Issue No. 758
The Corona Crunch
Pushing Back: Inside This Issue
It’s not just a problem for Chinese airlines anymore. Or just airlines in Asia. The Covid-19 virus outbreak is now obliterating demand for travel across the entire world. Suddenly, airlines even hearty and healthy just a week earlier find themselves burning through cash as planes to cities like Milan and Seoul run empty, and as ticket sales evaporate.
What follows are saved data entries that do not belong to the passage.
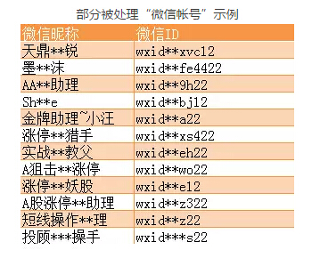 部分被处理“微信帐号”示例:
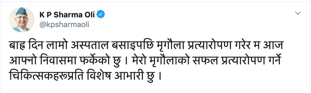 再次成功换掉一个肾的尼泊尔总理奥利,于3月13日晚出院了。 奥利是在3月2日住院的,并在3月4日进行换肾手术。在身体各项各项条件都有所恢复的情况下,他在3月13日晚出院。
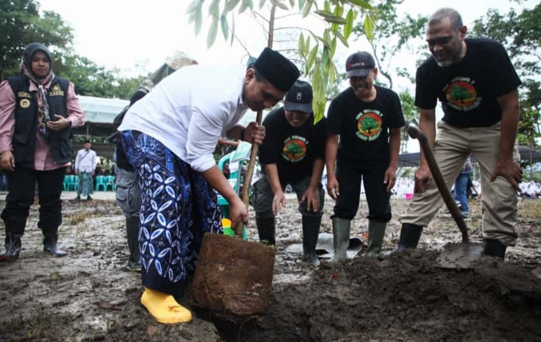 Penanaman bibit buah juga diikuti oleh Bupati dan Forkopimda Banjarnegara. Ratusan santri dari Pondok Pesantren Tanbihul Ghofilin Banjarnegara turut serta menyaksikan aksi penanaman tersebut.
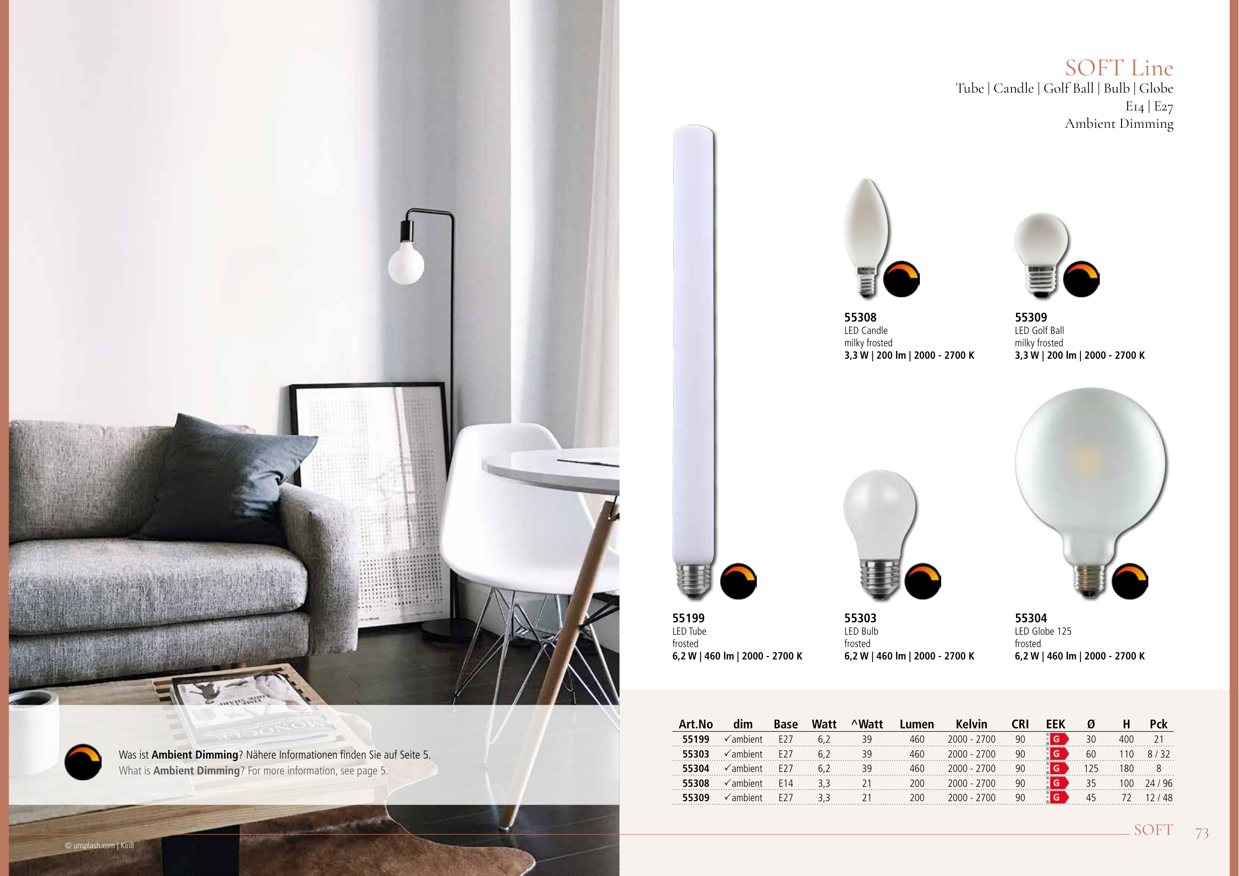 6,2 W | 460 lm | 2000 - 2700 K

For the already distressed, the virus could prove lethal, as it already has for one small U.K. carrier: Flybe.
There’s still a chance for the industry to surmount the crisis with just some first and maybe second quarter bruises, if the outbreak slows and life returns to normal by early summer. Perhaps it’s just airline demand delayed, not destroyed. China, it seems, shows some faint signs of a rebound. But right now, the world is a scene of cancelled business meetings, cancelled trips, panicked travelers, government travel warnings, disrupted economies, and tanking stock markets.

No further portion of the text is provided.